We live in a go-go world these days. Running around and barely taking the time to eat proper meals. This is affecting our health as we need good fuel for good energy. Many people don’t equate the little symptoms they are experiencing with malnutrition. I know this sounds extreme in North America but after 45 years of seeing clients, I have witnessed this many times.
Last month, I wrote about the importance of protein (amino acids) for your health. In this blog I am going to weigh the options you have for a very fast breakfast using a protein powder. Protein powder is an easy way to get the protein you need but you want the right one. Remember I said protein is “of first importance”. The ‘building blocks’ or ‘bricks’ necessary to maintain, build, repair and heal all cells, tissues, organs, hormones, etc. So it is a great way to start your day.
First you want to figure out your protein needs. For weight in pounds just take your weight and divide by two. For kilograms, you need about one gram of protein each day for every kilogram you weigh. Then you want to start looking at labels. Check the label to be sure the product contains at least 14 grams of protein and is low in fat and sugar.
Also the protein quality has to be considered. With protein powders, you need to consider its amino acid composition. The PDCAAS (Protein Digestibility Corrected Amino Acids Score) is an important factor to consider when looking for a good protein powder. The US Food and Drug Administration (FDA) adopted this evaluation as “the preferred best” method to determine protein quality. Number 1 in PDCAAS means it digests well. Another criteria is the Protein Efficiency Ratio. The nutritive value of protein is determined by the degree to which the protein’s amino acid profile matches the body’s amino acid needs called PER (Protein Efficiency Ratio), the better the match, the higher the value. You may need to do some research into the brand of protein you are considering. That’s what I did to find the protein powder with the highest possible rating (better than milk).

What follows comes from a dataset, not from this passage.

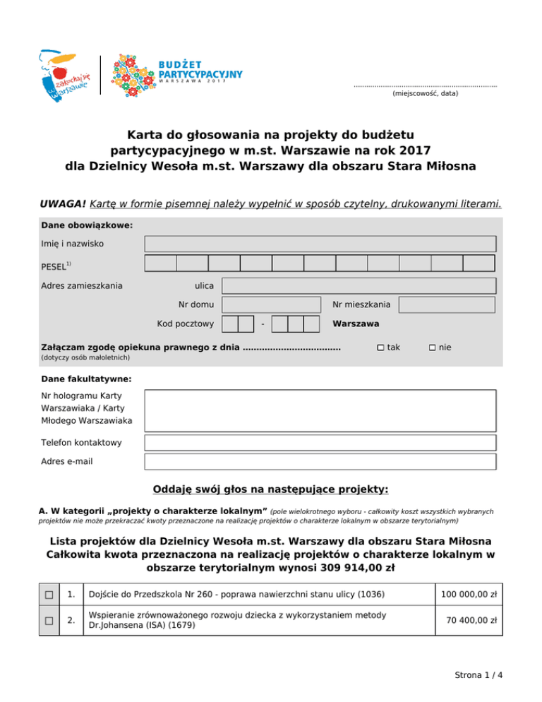 ..................................................................... (miejscowość, data) Karta do głosowania na projekty do budżetu partycypacyjnego w m.st. Warszawie na rok 2017 dla Dzielnicy Wesoła m.st. Warszawy dla obszaru Stara Miłosna UWAGA! Kartę w formie pisemnej należy wypełnić w sposób czytelny, drukowanymi literami. Dane obowiązkowe: Imię i nazwisko PESEL1) Adres zamieszkania ulica Nr domu Kod pocztowy Nr mieszkania - Warszawa Załączam zgodę opiekuna prawnego z dnia ……………………………… tak nie (dotyczy osób małoletnich) Dane fakultatywne: Nr hologramu Karty Warszawiaka / Karty Młodego Warszawiaka Telefon kontaktowy Adres e-mail Oddaję swój głos na następujące projekty: A. W kategorii „projekty o charakterze lokalnym” (pole wielokrotnego wyboru - całkowity koszt wszystkich wybranych projektów nie może przekraczać kwoty przeznaczone na realizację projektów o charakterze lokalnym w obszarze terytorialnym) Lista projektów dla Dzielnicy Wesoła m.st. Warszawy dla obszaru Stara Miłosna Całkowita kwota przeznaczona na realizację projektów o charakterze lokalnym w obszarze terytorialnym wynosi 309 914,00 zł □ 1. Dojście do Przedszkola Nr 260 - poprawa nawierzchni stanu ulicy (1036) 100 000,00 zł □ 2. Wspieranie zrównoważonego rozwoju dziecka z wykorzystaniem metody Dr.Johansena (ISA) (1679) 70 400,00 zł Strona 1 / 4 □ 3. Oświetlenie placu zabaw na Jeździeckiej (2524) 32 000,00 zł □ 4. Rowerem przez Wesołą (442) 11 520,00 zł □ 5. Bezpieczny azyl dla pożytecznych owadów (2637) □ 6. Zielony Punkt Kontrolny - mapy orientacji sportowej i punkty kontrolne w Wesołej część druga (892) 38 500,00 zł □ 7. Oświetlenie części ulicy Brzozowej (1125) 75 000,00 zł □ 8. Budowa dodatkowego miejsca parkingowego przy SP 173 ul. Trakt Brzeski (1464) □ 9. Młodzieżowy park rekreacji (2616) □ 10. Alternatywnie aktywnie (2431) 81 280,00 zł □ 11. Budowa ul. Leszczynowej (odcinek od ul.Piotrusia Pana do końca posesji nr 6 przy ul. Leszczynowej) (1043) 92 000,00 zł □ 12. Gościniec - bezpieczna uliczka lokalna (923) 71 000,00 zł □ 13. Rower cargo do bezpłatnego wypożyczania (25) 10 300,00 zł □ 14. Budowa kładki nad Kanałem Wawerskim (rejon ulicy Ptasiej) (1280) 89 000,00 zł □ 15. Zakup audiobooków dla Filii Nr 1 w Starej Miłośnie (577) 5 750,00 zł □ 16. Lustro drogowe na Malachitowej (615) 3 130,00 zł □ 17. Oświetlenie ulicy Marmurowej (2518) 72 000,00 zł □ 18. Taneczny rok z zumbą (2626) 17 250,00 zł □ 19. Pas zieleni przy ul.Pogodnej (2640) 28 600,00 zł □ 20. Chodnik na ul.Konwaliowej – uzupełnienie i wyrównanie nawierzchni (2638) 22 600,00 zł □ 21. Park kultury dla młodzieży (2615) 69 500,00 zł □ 22. Doposażenie świetlicy w gry edukacyjne w SP 173 i SP 353 (1448) □ 23. Wspieranie koordynacji ruchów, kondycji i wytrzymałości poprzez zajęcia Breakdance (2007) 12 300,00 zł □ 24. Jana Pawła II - druga strona rowerowa (920) 97 500,00 zł □ 25. Ładniej w Starej Miłośnie - więcej drzew i barwnych krzewów wzdłuż głównej ulicy (511) 49 000,00 zł □ 26. Bezpieczna droga do szkoły (419) 11 900,00 zł □ 27. Joga - na zdrowie (2627) 12 500,00 zł □ 28. Park dla młodzieży (2614) 74 500,00 zł 2 000,00 zł 5 000,00 zł 100 000,00 zł 5 000,00 zł Strona 2 / 4 □ 29. Aktywny senior (1187) Wybrałam(/-łem) 27 000,00 zł projekt(y/-ów) o charakterze lokalnym, (liczba słownie) których łączny koszt realizacji wynosi zł (kwota liczbowa) Strona 3 / 4 Na podstawie art. 23 ust. 1 pkt 1 ustawy z dnia 29 sierpnia 1997 r. o ochronie danych osobowych (Dz.U. z 2014 r. poz. 1182, z późn. zm.), wyrażam zgodę na przetwarzanie moich danych osobowych przez Prezydenta m.st. Warszawy w celu realizacji budżetu partycypacyjnego w m.st. Warszawie na rok 20172). Oświadczam, iż wszystkie informacje podane w formularzu, w tym o zamieszkiwaniu na terenie m.st. Warszawy, są zgodne z aktualnym stanem faktycznym. Oświadczam także, iż zapoznałem się z treścią zarządzenia nr 1400/2015 Prezydenta m.st. Warszawy z dnia 08.10.2015 r. w sprawie konsultacji społecznych z mieszkańcami m.st. Warszawy w zakresie budżetu partycypacyjnego na rok 2017. Jestem świadomy(-ma) możliwości weryfikacji zamieszczonych przeze mnie danych na podstawie dostępnych m.st. Warszawie rejestrów, ewidencji lub innych danych. Jestem również świadomy(-ma) odpowiedzialności wynikającej z podawania nieprawdziwych informacji i składania nieprawdziwych oświadczeń. ..................................................................... Podpis głosującego / w przypadku gdy głosującym jest osoba małoletnia podpis opiekuna prawnego Fakultatywnie: Wyrażam zgodę na otrzymywanie na powyżej podany adres e-mail informacji o przebiegu budżetu partycypacyjnego w m.st. Warszawie na rok 2017, informacji o kolejnych edycjach budżetu partycypacyjnego w m.st. Warszawie oraz informacji o konsultacjach społecznych dotyczących realizacji projektów wyłonionych w ramach budżetu partycypacyjnego w m.st. Warszawie. ..................................................................... Podpis głosującego / w przypadku gdy głosującym jest osoba małoletnia podpis opiekuna prawnego Adnotacje urzędowe: Okazano dokument pozwalający na stwierdzenie tożsamości: TAK NIE Inne uwagi ..................................................................... (podpis oraz pieczęć albo oznaczenie przyjmującego kartę) 1) Pole należy pozostawić puste, jeżeli głosującym jest mieszkaniec m.st. Warszawy będący cudzoziemcem nieposiadającym numeru PESEL. Jego udział w głosowaniu jest możliwy po uprzednim okazaniu pracownikowi Wydziału Obsługi Mieszkańców wybranego urzędu dzielnicy dokumentu podróży, wydanego przez państwo, którego jest obywatelem i jednoczesnym złożeniu oświadczenia o zgodzie na przetwarzanie danych osobowych. 2) Administratorem danych jest Prezydent m.s

There are different kinds of protein powders to consider, the plant sourced like rice, pea, hemp and soy and the animal sourced like casein, whey and egg. Vegetable protein is easier on the kidneys than animal protein. The different physical and/or chemical properties within the various types of protein may affect the rate of protein digestion. Generally speaking the plant based amino acid availability is higher than the animal sourced protein powders because of the various protein metabolic responses.
The other characteristic to consider is the effect on the glycemic index (the effect food has on blood sugar). You want a protein powder that produces an even flow of energy because it has a low glycemic index. So watch the rice, pea and hemp proteins to see if you feel hungry after ingesting them. That is a sign that those types of protein have a negative impact on your glycemic index.
In terms of the animal proteins, make sure that you investigate the animal source and quality, the health of the animal, feed quality (pesticides, fertilizers, etc.), use of antibiotics, drugs, hormones, etc. Research to make sure your whey protein supply is from New Zealand as that is the best source of whey. Also consider if you are lactose intolerant, you may want to seek a vegetarian protein powder.
Lastly when it comes to a soy protein powder, make sure the soy is non GMO (a genetically engineered organism) and also make sure it is water washed. Most of the soy in the marketplace is solvent washed which destroys the nutrient value and creates a toxic substance and that is what gives soy a bad name.
So do your research and you will find the best protein powder that will give you that fast breakfast and that great fuel for a great energetic day.